The work was not wholly stopped, but a little group of labourers was gathered about a stick of timber watching George, who was measuring it with his scale. Some of the other workmen were standing and sitting nearby, laughing and bantering, while a few made a small pretense of work. When Halloran came on the scene George looked up with a dogged expression.
“What's this?” Halloran asked the gang-boss.
“We was going a little too fast for the kid.”
Evidently George had interpreted his orders strictly, and when his eye failed him in the bewilderment of seeing a dozen sticks passing at a time, had stopped each one to scale it. Halloran turned to Du Bois.
“Give the boy a lift, will you?”
The old Inspector nodded, with a twinkle in his eye.
“Here, young man,” he said, “take 'em down for me. Go ahead, boys!”
He hitched himself up on the cap of a snubbing-post, and when the donkey-engines clanked again and the timbers came dropping and sliding to the wharf, and the files of labourers shuffled past, he went on with his story. His eyes roved absently up and down the wharf, and a half-circle of tobacco juice rapidly formed around the post. Not a stick escaped his eye, within a hundred feet of rapidly moving timbers; George's pencil was kept flying over the tally-sheet.
“Yes, sir,” he went on, “we went down that bank—two-b'-four-fourteen, two-b'-eight-ten—like two cats—two-b'-ten-sixteen—a-fightin'. Two-b'-twelve-twelve.

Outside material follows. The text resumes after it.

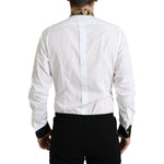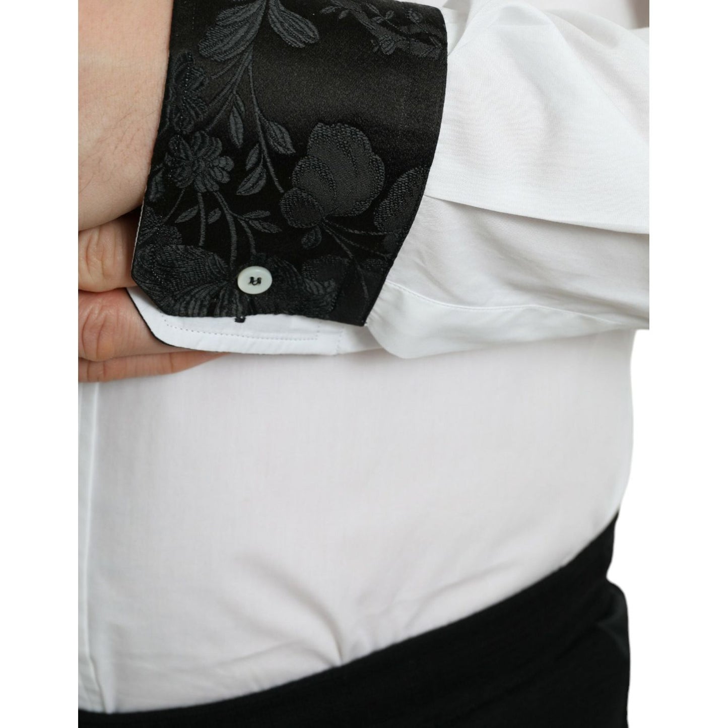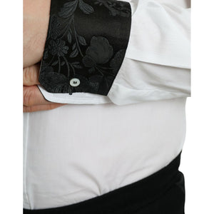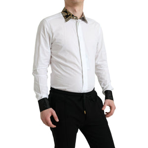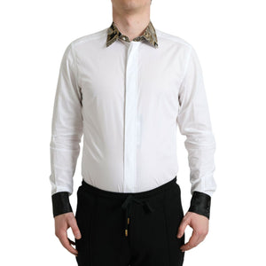 这款精致的白色正装衬衫配有奢华的金色和黑色提花衣领和袖口,让您尽情享受 Dolce & Gabbana 的精湛工艺。这款衬衫采用修身剪裁,由优质混合材料制成,是任何正式场合的真正优雅象征。这款无可挑剔的单品为您的衣柜增添一丝意大利风情。

The Old Gentleman didn't—two-b'-twelve-eighteen— know yet just what was up—two-b'-six-twelve, two-b'-six-fourteen—and he got his hand twisted up in my hair—two-b'-ten-ten, two-b'-ten- fourteen, two-b'-ten-twelve—and when we struck the water—two-b'- twelve-ten, two-b'-eight-eighteen—”
A few minutes later, when Halloran passed again that way, Du Bois was still in the story, though he had now no auditor but the preoccupied George.

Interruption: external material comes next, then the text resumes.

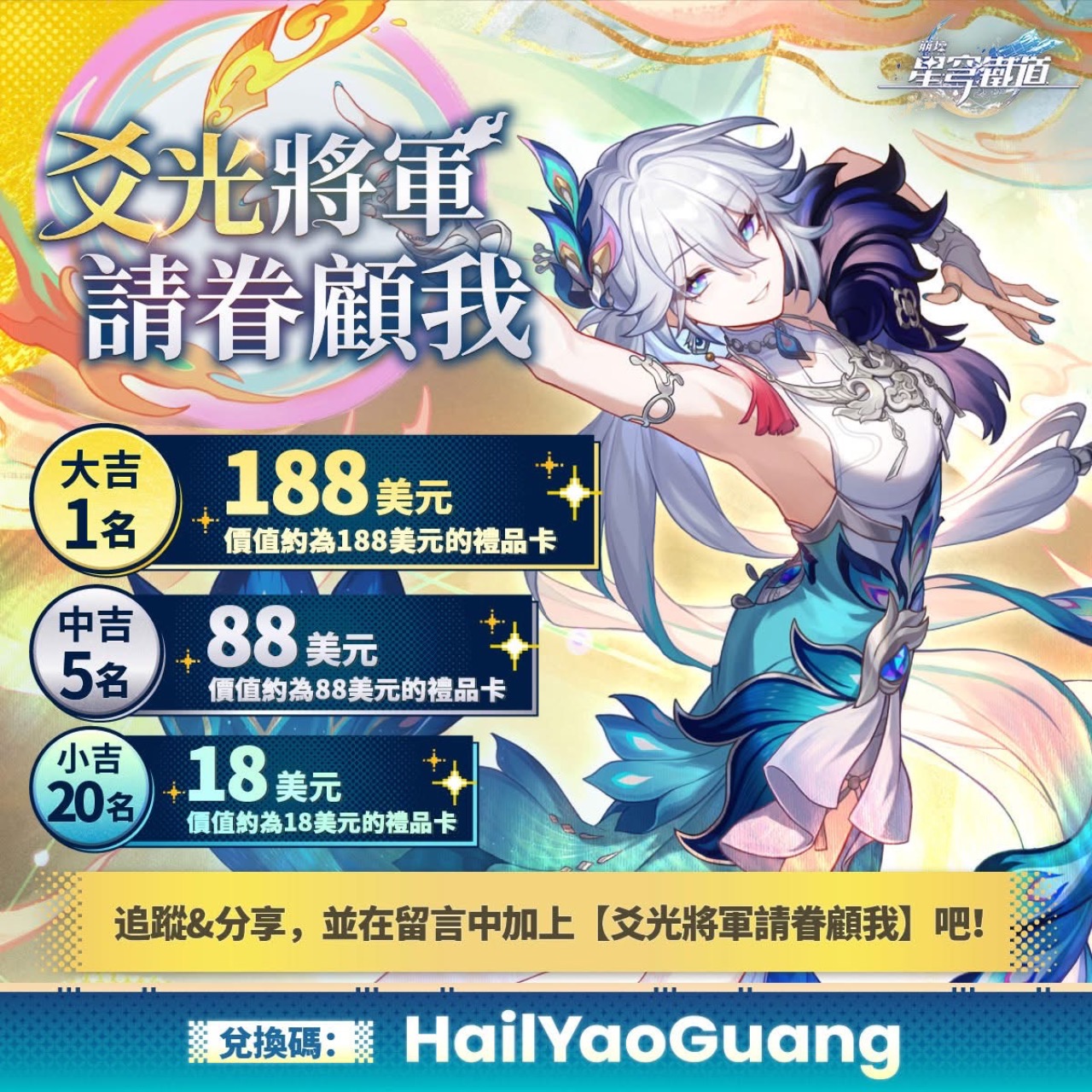 崩壞:星穹鐵道 再掀抽卡熱潮!仙舟掌管好運的神祇角色「爻光將軍」正式迎來 PICKUP 卡池。官方同步推出社群分享抽獎活動,這次更宣布加碼抽最高188美元禮品卡,吸引大量玩家轉發祈福。

That same night another steamer came in, and within a few days it was necessary to put on a night shift to keep up with the influx of lumber. The yards filled rapidly with high piles until the tramways and mills were nearly hidden from sight. New lumber it was, not yet so dry but that some of the water from the rivers still moistened it; and the air was sweet with the scent of pine. It brought to mind the deep forests far back from the lake, the rustle of the wind through the new boughs far overhead, and the long, still aisles, carpeted in fragrant brown, where the deer run. There were bears out there, skulking away from the axman, grubbing up wild turnips and hunting ants and slugs in rotten stumps; there were otter and muskrats and perhaps a lingering colony of beaver. Soon the time would come when the deer and bear could reclaim their lands, for the axmen were nearly through. Another score of years, perhaps, and where had been great forests would be a waste of blackened stumps—all “cut out” for the market. Rivers would be lower and dams useless. Thriving lumber cities on the lake would be facing ruin—their reason for being gone with the last timber—or casting about to attract manufacturers or to cultivate beets—anything to stop the drain on their vitality as the restless lumbermen should turn west or south for new lands where they could found new cities and begin the problem anew.

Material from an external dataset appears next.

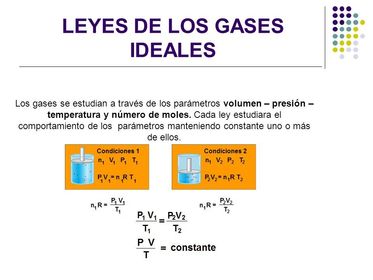 | La ley de los gases ideales es la ecuación de estado del gas ideal, un gas hipotético formado por partículas puntuales sin atracción ni repulsión entre ellas y cuyos choques son perfectamente elásticos (conservación de momento y energía cinética). La energía cinética es directamente proporcional a la temperatura en un gas ideal. Los gases reales que más se aproximan al comportamiento del gas ideal son los gases monoatómicos en condiciones de baja presión y alta temperatura. En 1648, el químico Jan Baptista van Helmont creó el vocablo gas, a partir del término griego kaos (desorden) para definir las génesis características del anhídrido carbónico. Esta denominación se extendió luego a todos los cuerpos gaseosos y se utiliza para designar uno de los estados de la materia. | |

In ten days it was all in, the six million and odd feet of boards and timber. And as Halloran walked down to the bridge one night and leaned on the railing and looked over the broad piles he was nervous and depressed. A part of the strain was over and he was feeling the reaction. The key to the situation was in his hands now—it rested with him to carry the lumber safely over to the day for selling, and then to make it pay. He could not yet see Mr. Higginson. He had been to Doctor Brown's this evening and the Doctor was decisive. The moon came out as he stood there and shed its light on the river and the lumber. He straightened up to go; then waited until he caught a glimpse of the watchman on his round of the yards.